What problem does this paper attempt to address?

This paper focuses on the potential social biases in large-scale vision and language models (LVLMs) when processing image inputs. While previous studies have explored the social biases in generated text by large language models (LLMs), there has been relatively less exploration of LVLMs. LVLMs generate text based on textual prompts and image inputs, and are used in applications such as visual question answering and multimodal chat. However, the confusion between information in images and text makes it difficult to identify social biases in LVLMs. To address this issue, the researchers conducted a large-scale study by analyzing the generated text of different LVLMs through counterfactual conditioning of input images. They used highly similar images that only differed in terms of race, gender, and physical characteristics to control variables and isolate the influence of social attributes in image on text generation. The study covered over 57 million responses and analyzed 78,000 generations of GPT-4o. The analysis revealed that social attributes in the input images such as race, gender, and physical characteristics significantly influenced the generation of toxic content, ability-related vocabulary, harmful stereotypes, and numerical ratings of depicted individuals. All evaluated open-source LVLMs exhibited biases to varying degrees, with particularly notable biases towards overweight or Black individuals. Additionally, the study explored the bias relationship between LVLMs and their corresponding LLMs, as well as bias mitigation strategies during inference. Compared to previous research, this work has the following improvements: 1) examining cross-biases across multiple social attributes; 2) using counterfactual images to control for the influence of other image details; 3) expanding the dataset size to provide more diverse generation samples; 4) evaluating biases in multiple dimensions, including toxicity, stereotypes, abilities, and numerical ratings; 5) exploring the bias relationship between LVLMs and LLMs, as well as mitigation strategies during inference. Overall, this paper reveals the potential harmful biases exhibited by LVLMs in large-scale deployments, emphasizing the need for further research to improve the fairness of these models.

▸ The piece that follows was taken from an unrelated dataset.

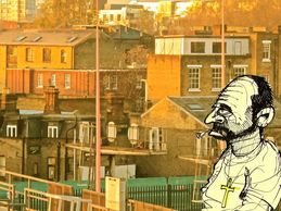 The buildings behind Nick are from a pic I took out of window of an office in Hollyrood Street, London.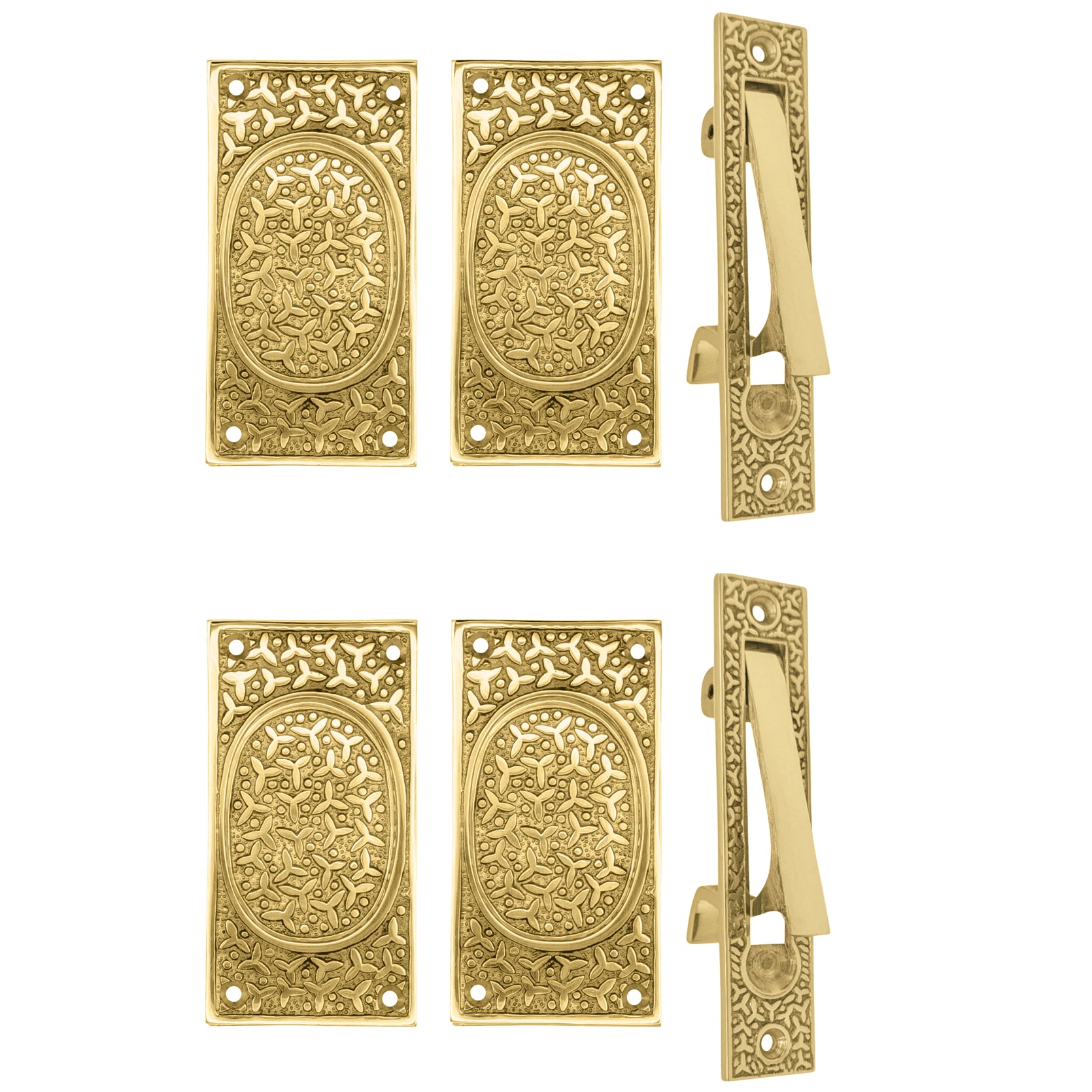 The Rice Pattern is a distinctive and ornate pattern that gained popularity during the 19th century. This intricate pattern features a design reminiscent of grains of rice originally made by Yale and Town of Stamford, Connecticut. The solid brass construction not only ensures durability but also adds a touch of timeless sophistication to your pocket door sets. With its stylized leaves and intentional breaks, this hardware seamlessly blends historical charm with contemporary functionality.

Uncovering Bias in Large Vision-Language Models at Scale with Counterfactuals

Uncovering Bias in Large Vision-Language Models with Counterfactuals

Probing Intersectional Biases in Vision-Language Models with Counterfactual Examples

SocialCounterfactuals: Probing and Mitigating Intersectional Social Biases in Vision-Language Models with Counterfactual Examples

VLBiasBench: A Comprehensive Benchmark for Evaluating Bias in Large Vision-Language Model

Bias and Fairness in Large Language Models: A Survey

How Can We Diagnose and Treat Bias in Large Language Models for Clinical Decision-Making?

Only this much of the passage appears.